I am setting up a network with one Coordinator node and up to 10 End Device nodes. The end nodes are connected to Arduino boards. It seems as though I can collect data from 2 end nodes simultaneously; however, I have not been able to for more nodes than that. I am not well versed in networking and have only set a couple parameters. Here is my setup
Coordinator Node:
CH = C
ID = 1900
DH = 0
DL = 0
MY = 2000
CE = 1
A2 = 7 - 1(allow association) 1(allow channel reassignment) 1(allow panid reassignment)
BD = 5 - 38400
End Nodes:
CH = C
ID = 1900
DH = 0
DL = 2000
MY = 100x (where X is a given sensor id number)
CE = 0
A1 = 6 - 0(Allow panid reassignment) 1 (allow channel reassignment) 1(auto associate) 0 (poll coordinator on pin wake)
BD = 5-38400
My question is are there other parameters that I should set that would allow the coordinator to collect data from 2+ sensors? Ideally, I would like the data to come out like
1
2
3
4
1
2
3
4
where the number is the sensor it was taken from. Of course I know it may not be perfect; however I would like it to be as close as possible. Is there a way to have the coordinator collect a packet from each node in sequence (i.e. poll node 1, get packet then move on to node 2, get packet etc)?
Thank you in advance for your help. It is greatly needed and appreciated.
If you want the coordinator to poll each sensor in turn, you wouldn’t (and can’t) do that by setting parameters. You’d do it by writing a program to run on the computer that’s connected to the coordinator. That program would then control the polling and deal with the responses.
If you just want each sensor to be read every so often, then you can set parameters on the remote XBees so that each will sample its inputs at a specified interval and transmit the results to the coordinator. That doesn’t guarantee that the samples will arrive in any particular order, but each sample set will contain the address of the XBee that sent it, so you will know which is which.

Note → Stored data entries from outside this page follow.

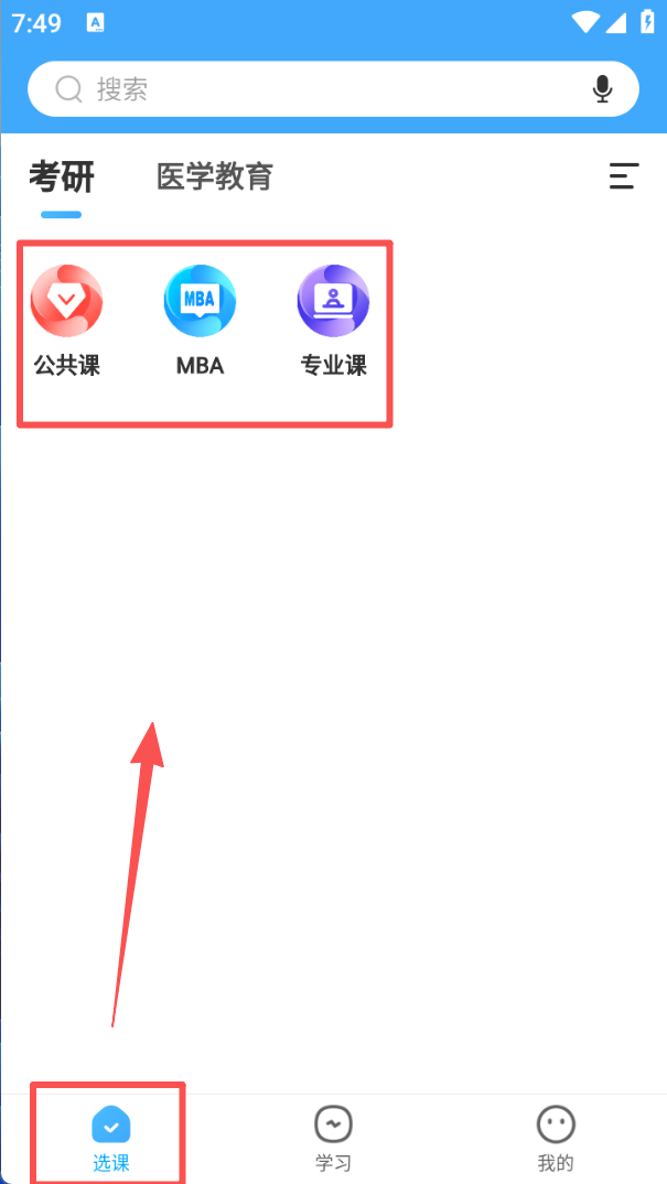 2、点击底部 “选课”,页面会显示已选考试类型下的细分板块,比如考研类包含的公共课、MBA 等内容都可在此查看。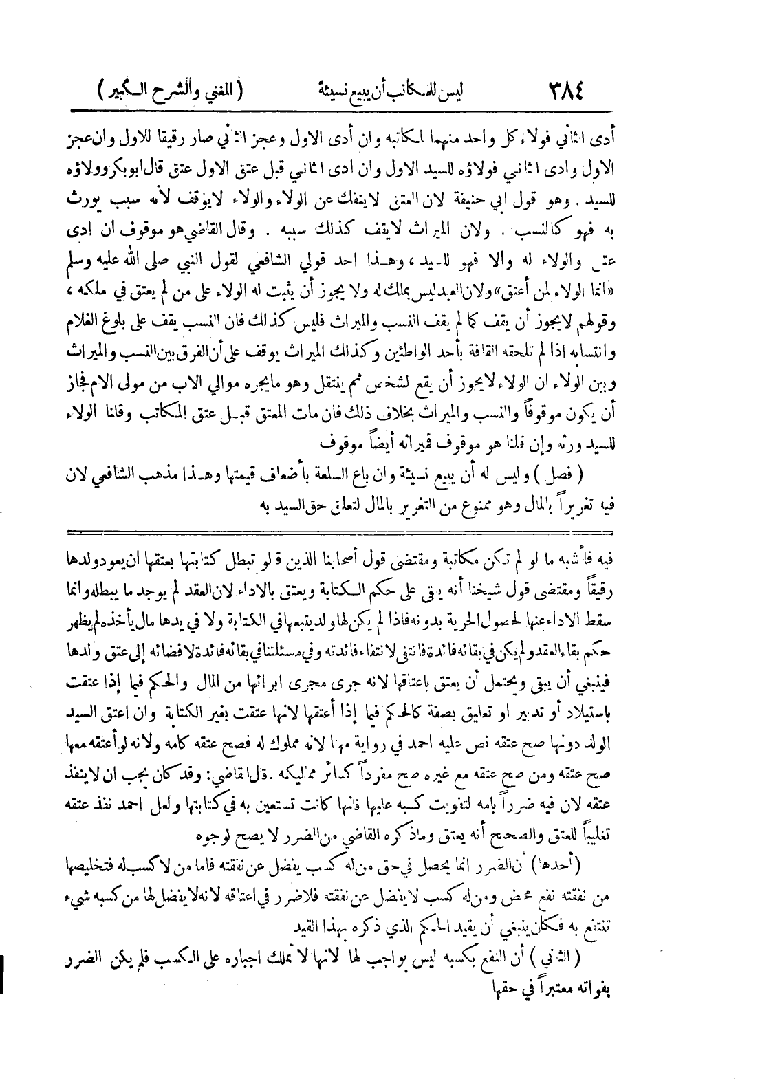 قال القاضي: وقد كان يجب أن لا ينفذ عتقه لأن فيه ضرراً بأمه لتفويت كسبه عليها فإنها كانت تسعين به في كتابتها ولعل أحمد نفذ عتقه تغليباً للعتق والحصيح أنه يعتق وما ذكره القاضي من الضرر لا يصح لوجوه (أحدها) أن الضرر إنما يحصل في حق من له كسب يفضل عن نفقته فأما من لا كسب له فتخليصها من نفقته نفع محض ومن له كسب لا يفضل عن نفقته فلا ضرر في اعتاقه لأنه لا يفضل لها من كسبه شئ تنتفع به فكان ينبغي أن يقيد الحكم الذي ذكره بهذا القيد (الثاني) أن النفع بكسبه ليس بواجب لها لأنها لا تملك إجباره على الكسب فلم يكن الضرر بفواته معتبراً في حقها
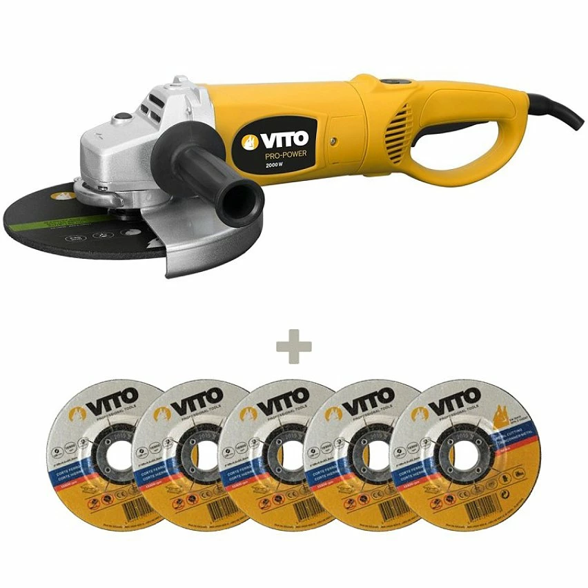 La meuleuse VIRE23020 de VITO délivre une puissance de 2000W. Pour disque de 230mm. Système de protection et de frein pour le disque. Elle possède une boîte d’engrenage en acier. La vitesse de rotation est de 6200 tour/min. Livrée avec DISQUE DIAMANT, clé et jeu de charbon. Livré avec 5 disques à tronçonner diamètre 230 MM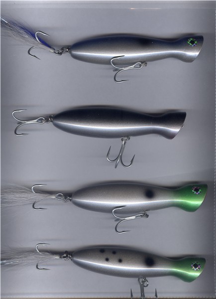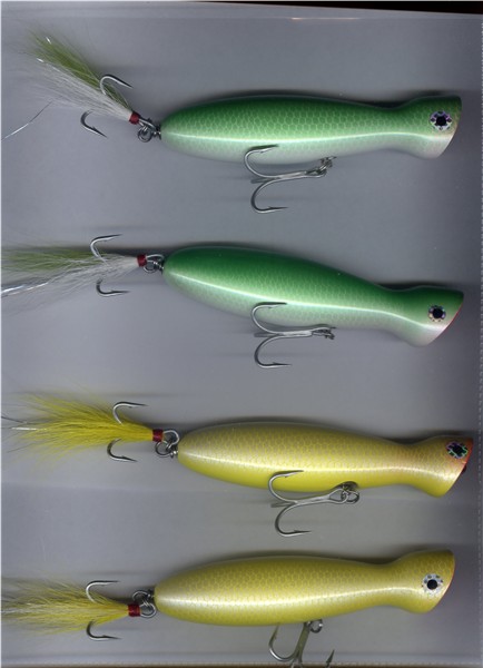 Those are the best looking poppers I have ever seen! Your killin me over here  The color and pattern choices are PRIMO! Excellant job on the tails as well. I need all the specifics though. Whats the weight? What are they made out of? How did you get the faces cupped so perfect? What clear finish are you using?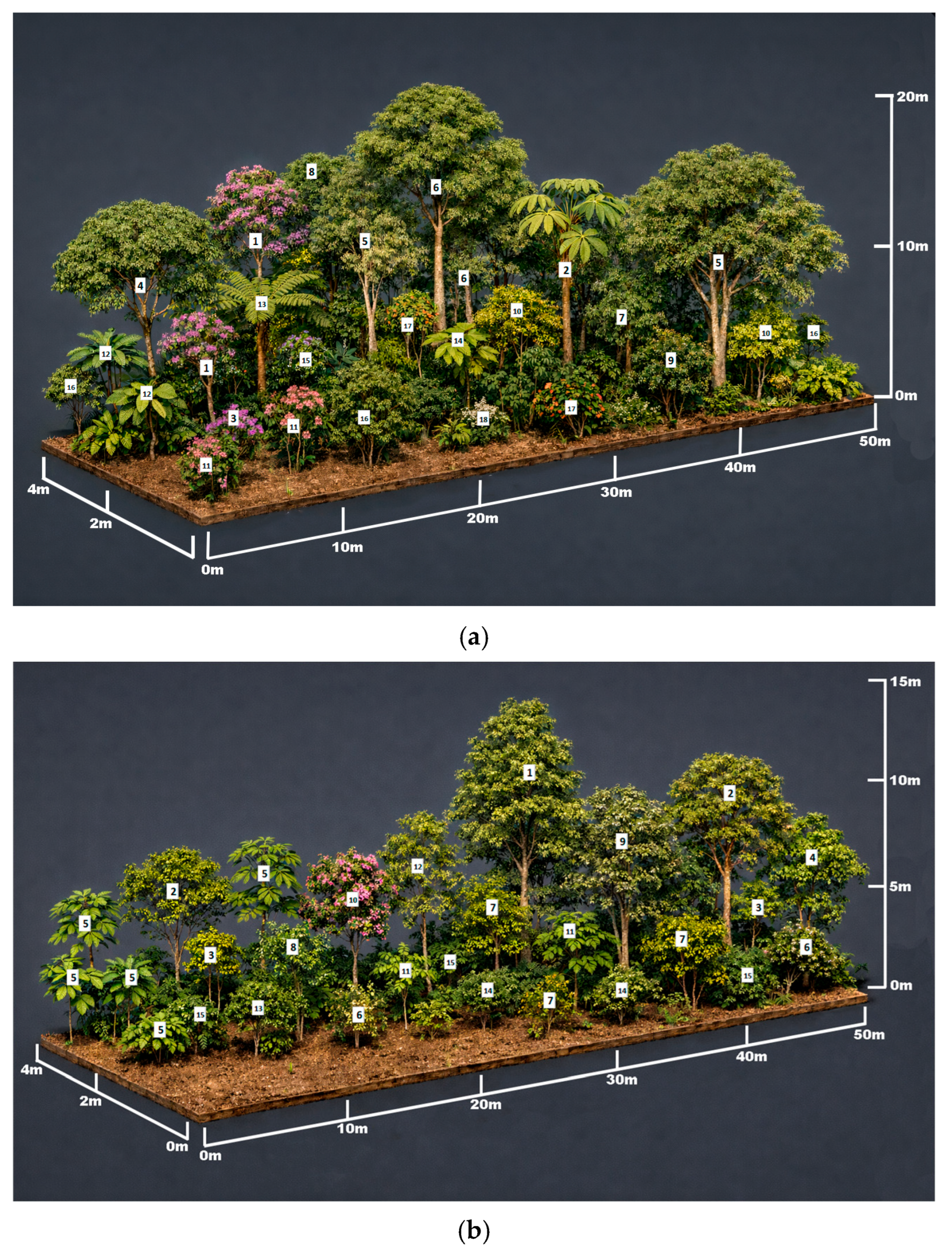 - Howorth, R.T.; Pendry, C.A. Post-Cultivation Secondary Succession in a Venezuelan Lower Montane Rain Forest. Biodivers. Conserv. 2006, 15, 693–715. [Google Scholar] [CrossRef]

That would simplify the programming of the host computer because it would simply have to receive the packets without worrying about polling.
The fact that you’re using a controller/end point setup implies to me that the end points will be battery powered, and therefore you’d want them to spend most of their time asleep. If that’s the case, then the second solution would sound like the more appropriate one.
I hope that’s helpful - if not, come back with more questions.
Thank you for your reply. Do you know what could be going wrong for my setup to only seem to be able to collect from 2 end nodes at a time? The parameters I set for the end node and coordinator were in my 1st post. Is there something I’m missing in that regard?
I figured there was no way to set parameters to poll each sensor; however, didn’t hurt to ask. yes the end nodes are battery powered. They are attached to arduino boards that are sampling at 100Hz. Does anyone have example code or other resources I can use to set up a program that could poll the end nodes for data?
If you’re trying to transmit sample packets at 100Hz that’s probably the problem. Try setting the sample interval to 1Hz and see what happens then.
If it works, you can increase the sample frequency until you find the limit.
If it doesn’t work, then it’s time to post all the XBee settings. To do that, use X-CTU to save the settings of the coordinator and an end point to .pro files, and attach those to your post. Then we’ll be able to see what’s going on.